When your platform guides development teams to meet governance requirements as the default, you have made building the right thing the easiest thing.

Let’s dive into some examples of incentives you can implement.

Automated compliance controls

When the platform handles concerns like security and compliance paperwork based on common infrastructure, that’s a major tedious launch requirement off your team’s plate.

Example

Kessel Run, the US Air Force’s platform for standardizing DevSecOps processes and infrastructure, has had widespread success in large part due to integrating continuous ATO, which dramatically simplifies complex compliance requirements for applications.

Code samples

Documentation that includes working code samples to demonstrate how to use a component or service makes it easier for developers to use it successfully. Google’s research on API usability highlights the importance of working code samples for a new developer using an API, for example.

Example

The U.S. Web Design System provides accessible, brand-compliant code snippets and components for developers.

Starter kits

Similar to code samples, starter kits may give developers an entire working “hello world” application. This can be a compelling way to demonstrate how to use several parts of your platform at once, baking “the right thing” into sample code to help teams ramp up quickly. If your starter kit’s code already complies with governance requirements, application teams will have a head start toward successfully meeting those requirements in their final product.

Example

Google’s App Engine product provides entire working “hello world” applications that demonstrate a range of the platform’s services. Being able to deploy these with low effort gives developers an easy, fully working starting point they can build upon.

Training

Part of making the right thing the easiest thing comes down to awareness. Developers have to keep a lot of business and user needs top of mind as they build, in addition to coding best practices. With so many streams of knowledge required to build the right thing, many developers just aren’t aware or practiced in all the governance requirements their app needs to meet. A platform team can make the unknowns known by offering training on crucial governance topics.

Example

Digital Services Georgia (DSGa) provides content managers using their GovHub content management platform with a variety of training options, including analytics, accessibility, and plain language training.

Customer support

Even after training, it’s not realistic to expect a team to get everything right immediately. Technical systems are nuanced and complex, and everyone needs help sometimes. Friendly, prompt attention from a platform team dedicated to helping app teams be successful are an essential part of a recipe for platform success.

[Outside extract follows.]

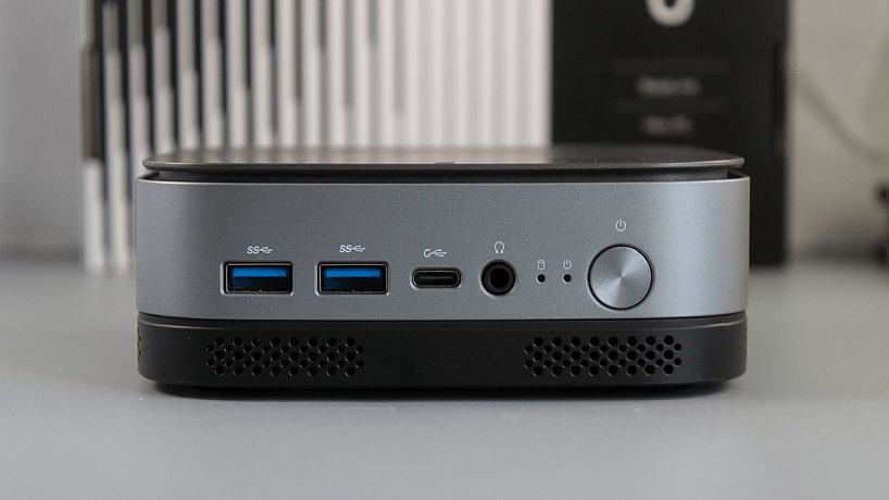 Центральная часть серебристого цвета, в ней размещаются разъёмы и элементы управления устройством. На передней панели корпуса расположено два порта USB 3.2 Gen 1, порт USB Type-C USB 3.2 Gen 2, а также аудио разъём 3,5 мм для подключения наушников и микрофона. Тут также присутствуют кнопка включения и индикаторы активности. Причем что касается индикаторов, они совершенно ненавязчивые, а с учетом того, что данный мини ПК в 90% случаев будет находиться на столе, это является большим плюсом.

Layers of governance – from written to coded, and everything in between

As shown in our examples above, there are many ways to meet quality standards and incentivize platform adoption. Your approach may vary over time, establishing different levels of nuance to ensure quality, and can be layered to complement each other and improve the process.

No platform will start out with mature governance processes. They’re to be evolved and iterated upon over time, adding features as the platform matures. The key to success is to include a governance strategy as part of the human-centered design and product management strategy.